Smallpox at Mexborough and Denaby

June 1892

Mexborough and Swinton Times June 18, 1892

Smallpox at Mexborough and Denaby

The Mexborough Local Board having been refused permission to take the second sufferer from small-pox to the Denaby Isolation House, have made speedy arrangements for the conversion of a building at Bull Green into a temporary hospital.

Furniture was got on Saturday, and on Tuesday the patient was removed there. In the meantime care is being exercised to prevent the spread of the disease. A trained nurse has been engaged direct from the Nurses’ Institution at Gainsborough.

Yesterday the disease reached its climax, and so far the patient is going on as well as can be expected.

Another case has broken out at Denaby Main, the wife of a Denaby resident being the person attacked. She was conveyed to the Isolation Hospital there on Wednesday.  This makes the tenth case admitted at Denaby. Two have been discharged, and eight are now in the hospital.

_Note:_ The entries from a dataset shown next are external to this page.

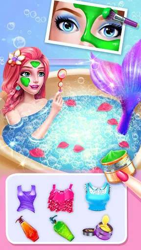 In this game, you will spend a really happy time with our pretty Mermaid under the sea. You will find a lot of wonderful things here. For example, you can see gowns of different colors and size; you will also find dancing shoes of different sizes and all kinds of objects are available for you to do the makeup. There are also all kinds of tools available for you to cut the hair, to wear some make-up or to put on some eye lashes. Anyway everything here is so romantic. And the whole atmosphere is so cheering. You can just forget everything else and immerse yourself into this atmosphere of party. And life under the sea is so wonderful and so beautiful. So it is time for you to join the mermaid under the sea and start your new journey. Your main job is to take the red-headed mermaid to the Seaweed Salon and help her get ready for the big ball tonight. There will be a lot of participants in this ball and you will be the stylist. So it is very important for you to dress our mermaid in the perfect way and make her shine tonight. There are a lot of job for you to do. First, you need to help her wash her hair and make a distinctive and exquisite hairstyle for her and try to make her beautiful and fashionable. Of course, you also need to help her do some make up for her face. Maybe you think it is a very easy thing to wear some makeup, but in this game you need to choose the perfect color according to the light and color of the dress and the color of her skin. In a word, you must make her feel comfortable and look beautiful. As for the gown, it is necessary to choose a fabulous gown which must be of the proper size and the perfect color and of ideal style. Don't forget dancing shoes. And if the color of the gown is not dark, you must not choose a pair of black shoes or a pair of gray shoes because the color of the shoes and the gown should be compatible with each other, so choose wisely and carefully, for each detail matters in this game. It is even better if you can find some accessories for her too. Generally speaking, this is a really interesting game, and it is for Free. And this game can also help you to improve your personal appearance management ability. There is no restriction for you. You can choose freely of the style and the color, everything is flexible. You can just use your taste to help our cute mermaid display her ultimate beauty. I believe that under your help, our cute mermaid would be the most shining one on the stage tonight and everybody will be amazed at her stunning beauty!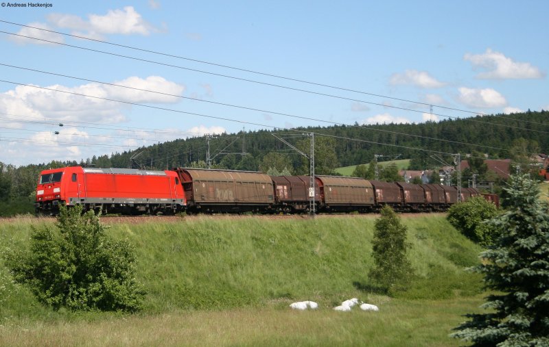 189 045-8 mit einen gemischten Güterzug auf den Weg nach Süden. Die Aufnahme entstand am 18. Juni2008 zwischen Steinbach am Wald und Förtschendorf im Landkreis Kronach.
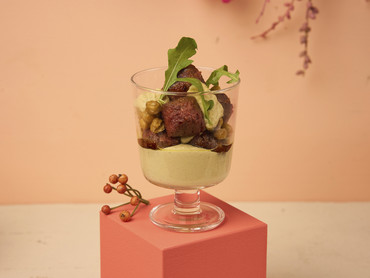 Vegane kein-Hack Bällchen mit Humuscreme und gebratenen Kichererbsen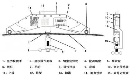 按鍵從左至右依次為“ON/OFF”、“+”、“-”、“ENTER/ZERO”;上部LCD顯示的五位數(shù)字為索拉力,單位為、旋緊手輪至鋼索頂?shù)较尬患达@示鋼索拉力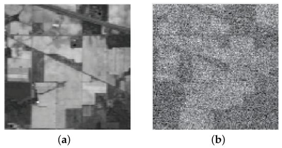 Grayscale image of Indian pines: (a) Grayscale image of the 120-th band; (b) grayscale image of the 200-th band.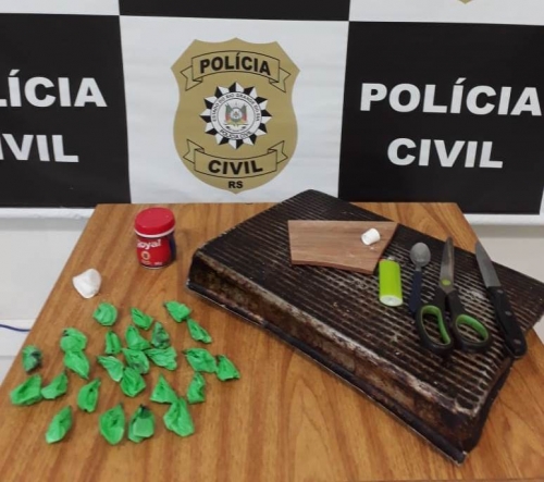 A prisão em flagrante ocorreu no distrito de Alto Uruguai, Tiradentes do Sul/RS. Na residência da mulher os policiais apreenderam aproximadamente 25 gramas de cocaína (uma pedra de aproximadamente 10 gramas e 15 gramas fracionadas em 25 buchas).

The question of the outbreak of small-pox at Mexborough came before the Rural Sanitary Authority at Doncaster on Saturday, Mr. C. Scarab, chairman of the Mexborough Local Board and guardian, having drawn attention to the matter.

The Medical Officer (Dr. Twigs) and the sanitary inspector (Mr. Humphries) are doing their best with a view to the prevention of the spread of the disease.